ISAs replaced PEPs in 1999 and you can no longer open a PEP. However, you may still have a PEP investment, but your original objective for investing or attitude to risk may have changed, so now may be the time to review your existing PEP and consider whether you are really making the best of it.
Unsatisfactory performance
Fund managers change companies and it could be that the leading management company with which the PEP was originally invested is now nothing of the sort. In this situation, a PEP Transfer may be the best way to improve the future potential of your savings.
Changes to the PEP rules
From 6 April 2001, PEP investments were no longer restricted in the proportion of non-UK assets that they may invest in. So you may wish to review your investments to see if your investment objectives can be better met by increasing the proportion of non-UK assets you hold. Or you might like to hold a property fund instead being restricted just to stocks and shares
Key Questions Answered
What are the tax benefits of a PEP?
The tax benefits of a PEP are the same as those of an ISA. You do not have to declare your PEP on your tax return.
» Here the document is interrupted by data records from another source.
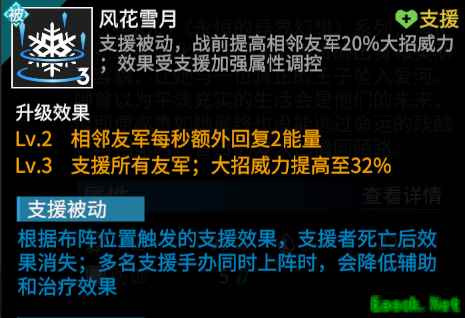 海伦支援被动可以战前提高相邻友军大招威力,适合围绕海伦组建大招流派,其效果受支援加强属性调控。被动升级后,相邻友军每秒额外回能增加,相比大招的瞬间回能可能会能量回复过剩的情况,每秒回能效果更稳定,能进一步提高大招流输出手办的大招启动速度和释放频率。被动升到3级后,可支援所有友军,布阵灵活性大增。
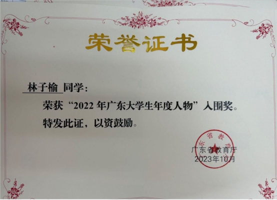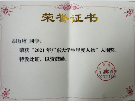 近日,广东省教育厅公布《关于公布2021年、2022年“广东高校辅导员年度人物”与“广东大学生年度人物”名单的通知》(粤教思函[2023]17号)文件。威廉希尔中文网站耿艳利老师荣获“2021年广东高校辅导员年度人物”入围奖,健康医学院胡万培同学荣获“2021年广东大学生年度人物”入围奖,经济贸易学院林子榆同学荣获“2022年广东大学生年度人物”入围奖。
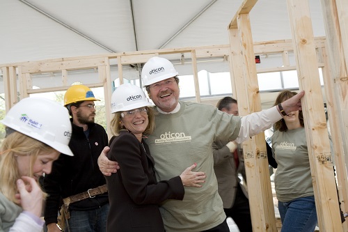 Oticon President Peer Lauritsen is joined by volunteers for a wall-raising challenge for a Habitat for Humanity home donated by Oticon and constructed during the 2008 AudiologyNOW! conference in Charlotte.

Income Tax is not payable on any income from your PEP, including dividends, interest and bonuses.
Interest distributions from corporate bond funds and fixed interest securities are entitled to a tax credit of 20%.
All growth you make in your PEP is free of capital gains tax.
Can I transfer my PEP?
Yes, you can transfer your PEP to another PEP provider, without losing your tax benefits.
What factors should I consider before transferring a PEP?
Factors you should also take into consideration include:
- Exit charges or other costs associated with the transfer from the original PEP Manager
- Costs of setting up a new investment, and
- Potential for loss of income, or of growth, if the market rises while transfer is pending.